Beneath this instruction is a listing. Transcribe from it only the stretch from the line with "山野:サンゴは水温が30℃く" through the line with "小(3画)金(8画)沢(17画) 崇(11画)一(1画)郎(10画)", both end lines included, exactly as written.

▶ _MATERIAL FOR THIS TASK_
------------------------------------------------------------
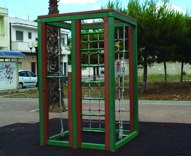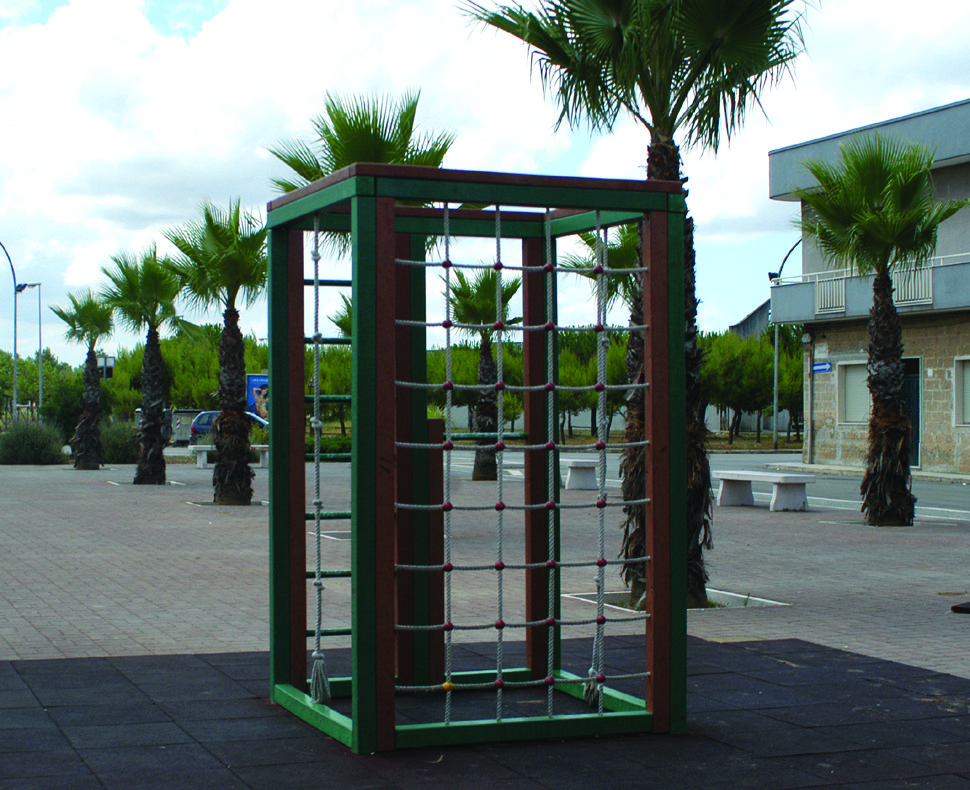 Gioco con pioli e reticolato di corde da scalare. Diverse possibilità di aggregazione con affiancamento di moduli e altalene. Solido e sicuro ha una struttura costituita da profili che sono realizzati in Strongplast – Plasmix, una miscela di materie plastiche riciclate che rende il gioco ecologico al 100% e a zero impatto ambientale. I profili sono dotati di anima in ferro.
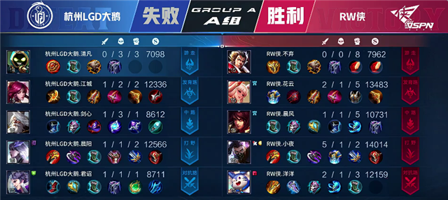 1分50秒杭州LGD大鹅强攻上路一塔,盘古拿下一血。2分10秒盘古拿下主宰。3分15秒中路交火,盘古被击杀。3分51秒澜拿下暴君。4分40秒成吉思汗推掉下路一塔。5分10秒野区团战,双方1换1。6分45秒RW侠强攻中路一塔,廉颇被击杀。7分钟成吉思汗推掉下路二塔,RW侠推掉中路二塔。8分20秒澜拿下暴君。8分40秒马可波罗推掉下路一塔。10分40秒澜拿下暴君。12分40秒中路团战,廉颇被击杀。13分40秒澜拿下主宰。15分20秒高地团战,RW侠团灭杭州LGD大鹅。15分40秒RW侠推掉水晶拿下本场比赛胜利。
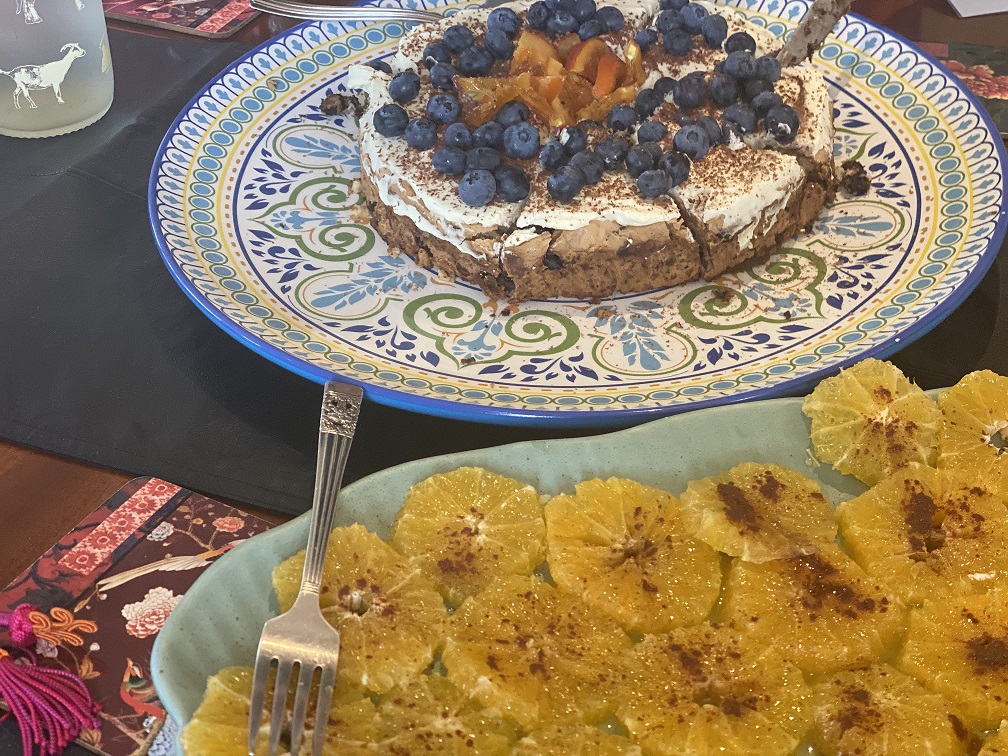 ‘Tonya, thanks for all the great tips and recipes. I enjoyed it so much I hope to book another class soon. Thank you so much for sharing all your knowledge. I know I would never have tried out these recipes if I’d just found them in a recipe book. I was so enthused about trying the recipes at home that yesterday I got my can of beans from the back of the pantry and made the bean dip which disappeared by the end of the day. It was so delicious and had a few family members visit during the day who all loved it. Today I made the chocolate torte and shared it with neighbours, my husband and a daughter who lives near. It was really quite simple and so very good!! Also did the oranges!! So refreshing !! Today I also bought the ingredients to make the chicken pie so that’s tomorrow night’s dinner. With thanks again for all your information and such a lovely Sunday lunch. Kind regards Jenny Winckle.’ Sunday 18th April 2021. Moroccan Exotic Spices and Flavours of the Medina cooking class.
------------------------------------------------------------
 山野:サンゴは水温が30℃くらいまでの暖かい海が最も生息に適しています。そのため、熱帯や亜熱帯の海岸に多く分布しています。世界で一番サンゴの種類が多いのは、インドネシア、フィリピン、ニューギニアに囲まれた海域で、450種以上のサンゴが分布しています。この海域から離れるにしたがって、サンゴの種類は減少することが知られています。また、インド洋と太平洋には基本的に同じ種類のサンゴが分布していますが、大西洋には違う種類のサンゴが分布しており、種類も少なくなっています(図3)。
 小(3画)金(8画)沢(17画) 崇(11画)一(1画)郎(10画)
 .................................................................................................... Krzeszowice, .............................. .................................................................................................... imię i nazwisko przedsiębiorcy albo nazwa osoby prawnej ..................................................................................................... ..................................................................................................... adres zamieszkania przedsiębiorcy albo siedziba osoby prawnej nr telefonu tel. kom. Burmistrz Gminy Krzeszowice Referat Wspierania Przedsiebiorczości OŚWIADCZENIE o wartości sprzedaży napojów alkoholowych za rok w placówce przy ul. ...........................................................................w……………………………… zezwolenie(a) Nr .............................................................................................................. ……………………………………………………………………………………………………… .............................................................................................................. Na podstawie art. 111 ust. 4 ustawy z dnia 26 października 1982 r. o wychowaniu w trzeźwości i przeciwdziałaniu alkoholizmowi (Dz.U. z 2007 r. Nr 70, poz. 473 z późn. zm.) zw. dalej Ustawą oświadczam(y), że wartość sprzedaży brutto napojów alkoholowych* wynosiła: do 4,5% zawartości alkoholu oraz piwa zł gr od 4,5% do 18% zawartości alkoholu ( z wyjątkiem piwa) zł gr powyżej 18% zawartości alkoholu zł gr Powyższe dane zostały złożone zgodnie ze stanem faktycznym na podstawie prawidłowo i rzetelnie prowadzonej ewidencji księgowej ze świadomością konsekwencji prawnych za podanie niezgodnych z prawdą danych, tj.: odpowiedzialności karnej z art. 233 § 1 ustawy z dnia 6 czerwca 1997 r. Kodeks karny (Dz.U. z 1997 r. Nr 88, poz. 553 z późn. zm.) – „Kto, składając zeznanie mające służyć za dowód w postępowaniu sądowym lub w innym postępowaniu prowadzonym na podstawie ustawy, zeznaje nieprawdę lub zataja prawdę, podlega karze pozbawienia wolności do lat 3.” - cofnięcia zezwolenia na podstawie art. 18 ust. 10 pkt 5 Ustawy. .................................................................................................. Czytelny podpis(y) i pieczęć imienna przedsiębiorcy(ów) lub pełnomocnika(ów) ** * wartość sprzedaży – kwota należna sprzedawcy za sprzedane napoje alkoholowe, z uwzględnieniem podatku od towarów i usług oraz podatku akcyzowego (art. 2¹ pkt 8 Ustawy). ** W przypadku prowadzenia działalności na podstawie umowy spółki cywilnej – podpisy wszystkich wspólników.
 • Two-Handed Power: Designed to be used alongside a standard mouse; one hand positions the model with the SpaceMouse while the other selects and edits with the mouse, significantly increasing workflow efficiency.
------------------------------------------------------------
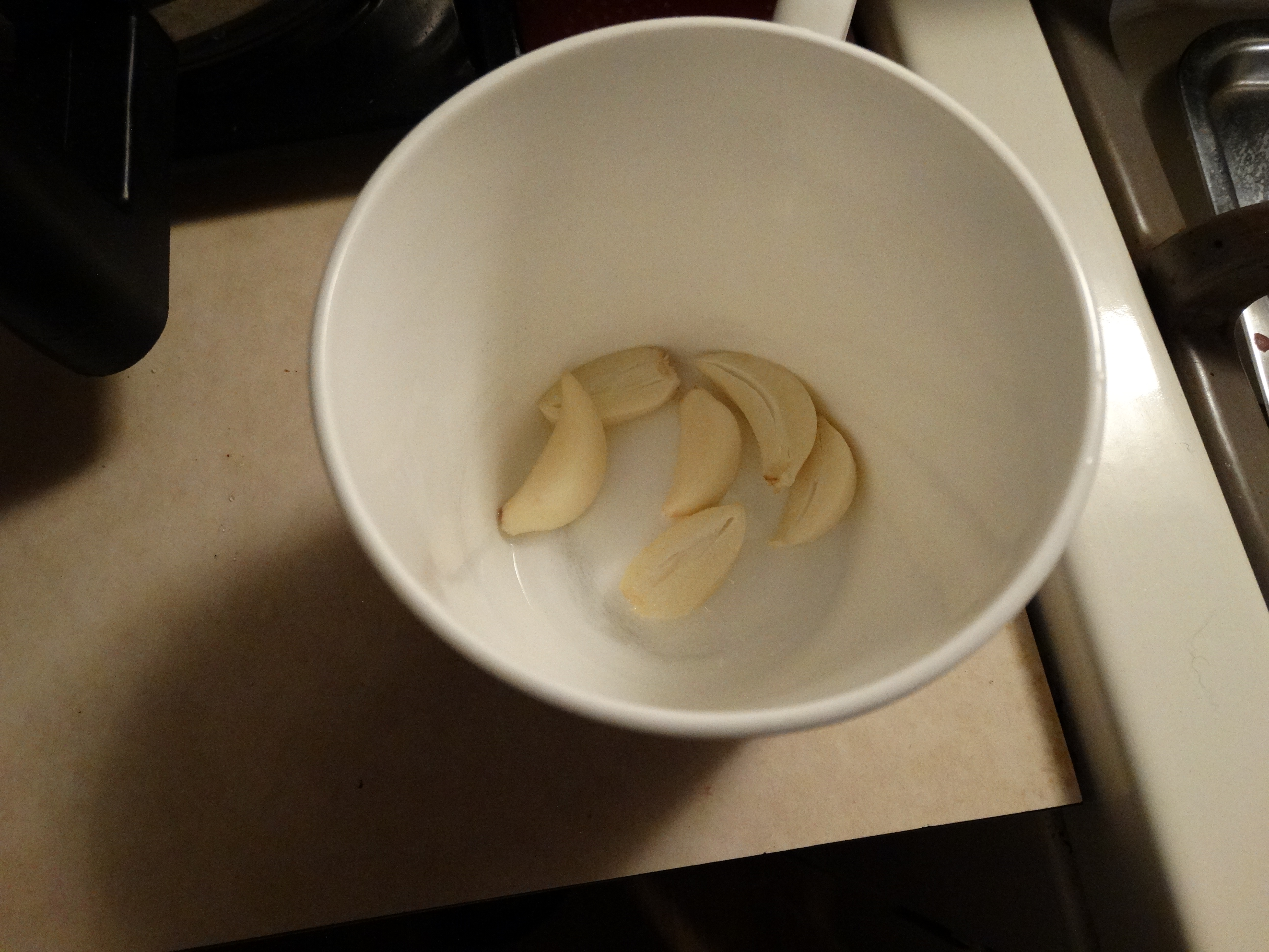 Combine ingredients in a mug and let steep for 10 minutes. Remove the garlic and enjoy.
------------------------------------------------------------
▶ _RESPONSE TO THE EXERCISE_
 山野:サンゴは水温が30℃くらいまでの暖かい海が最も生息に適しています。そのため、熱帯や亜熱帯の海岸に多く分布しています。世界で一番サンゴの種類が多いのは、インドネシア、フィリピン、ニューギニアに囲まれた海域で、450種以上のサンゴが分布しています。この海域から離れるにしたがって、サンゴの種類は減少することが知られています。また、インド洋と太平洋には基本的に同じ種類のサンゴが分布していますが、大西洋には違う種類のサンゴが分布しており、種類も少なくなっています(図3)。
 小(3画)金(8画)沢(17画) 崇(11画)一(1画)郎(10画)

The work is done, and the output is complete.